Neither the establishment of the Plan nor these Terms shall be construed as
conferring any legal rights upon the Participant for a continuation of
employment, nor shall it interfere with the right of the Company or any
Affiliate to discharge the Participant and to treat him or her without regard to
the effect that such treatment might have upon him or her as a Participant.

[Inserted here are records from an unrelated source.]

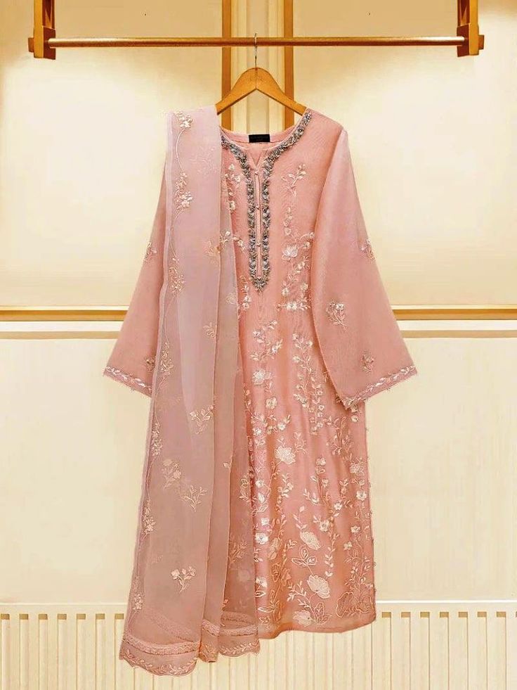 Elegant Peach Organza Embroidered Pakistani Style Three-Piece Suit
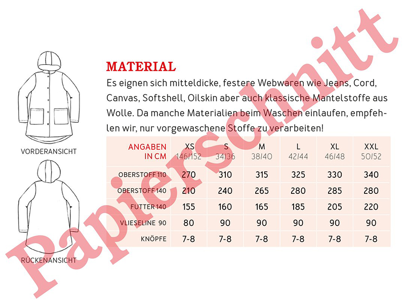 • Materialempfehlung: mitteldicke, festere Webwaren wie Jeans, Cord, Canvas, Softshell, Oilskin aber auch klassische Mantelstoffe aus Wolle
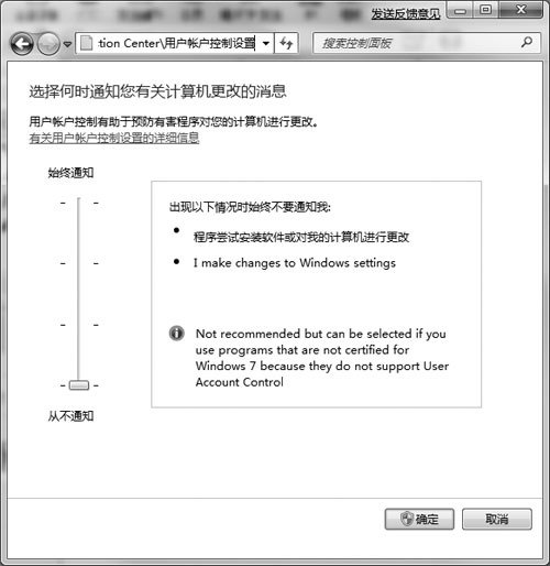 为了保障系统的安全,Windows从Vista开始就喜欢对一些深度操作进行不厌其烦的提示,Windows7也不例外。当你更改计算机设置的时候,半道会弹出一个窗口问你“是真的做相关修改吗?”,很讨厌。不过好在我们可以在控制面板里轻松将其关闭:打开[控制面板]→[系统和安全]→[ActionCenter]→[用户帐户控制设置],把滑块一拖到底,万事大吉(如图12)。
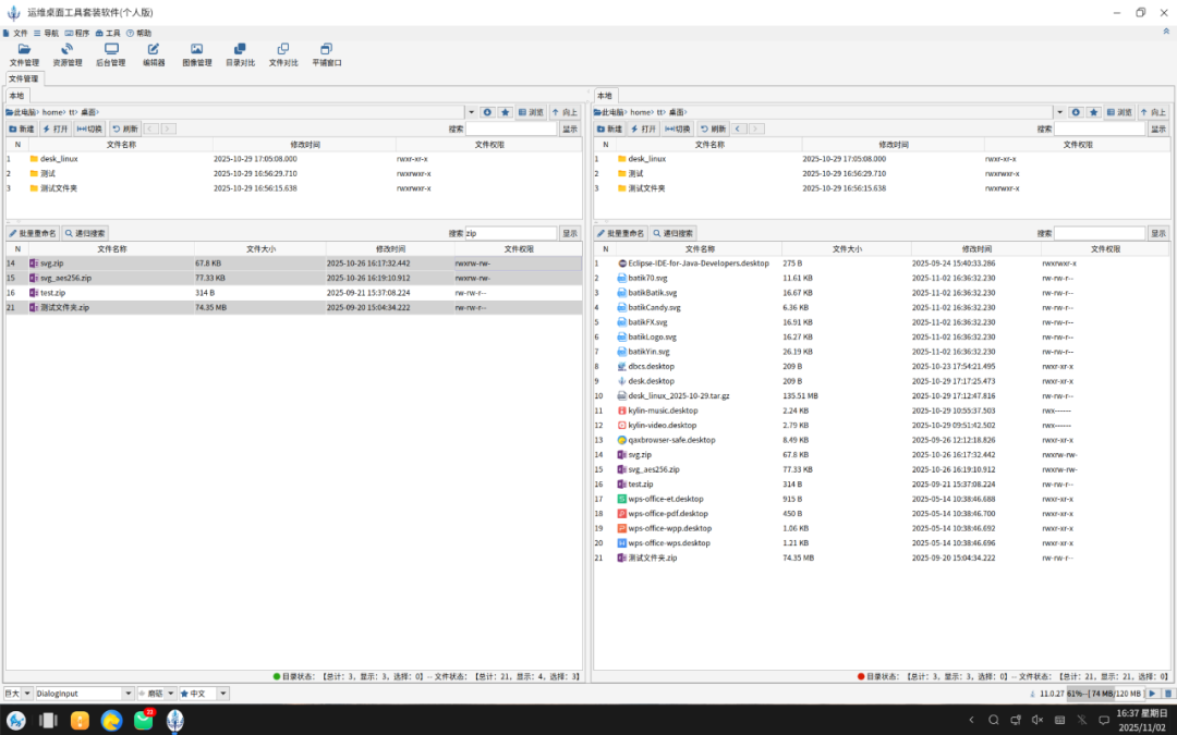DESK的多选更加灵活。DESK支持先过滤再多选,如下图:右边文件为原始状态,如果想删除部分zip文件,大家可以左边的过滤栏中输入zip关键字进行过滤,过滤后再用Ctrl和Shift键+鼠标进行选择。

15.NOTICE. Any notice or other communication required or permitted hereunder
must be in writing and must be delivered personally, or sent by certified,
registered or express mail, postage prepaid. Any such notice will be deemed
given when so delivered personally or, if mailed, three days after the date of
deposit in the United States mail, in the case of the Company to 21557 Telegraph
Road, Southfield, Michigan, 48033, Attention: General Counsel and, in the case
of the Participant, to the last known address of the Participant in the
Company's records.
16.GOVERNING LAW. These Terms shall be construed and enforced in accordance
with, and governed by, the laws of the State of Michigan, determined without
regard to its conflict of law rules.
17.Incentive Compensation Recoupment Policy. Notwithstanding any provision in
the Plan or in these Terms to the contrary, the Award is subject to the
Incentive Compensation Recoupment Policy established by the Company, as amended
from time to time.
18.PLAN DOCUMENT CONTROLS. The rights herein granted are in all respects subject
to the provisions set forth in the Plan to the same extent and with the same
effect as if set forth fully herein. In the event that the terms of these Terms
conflict with the terms of the Plan document, the Plan document shall control.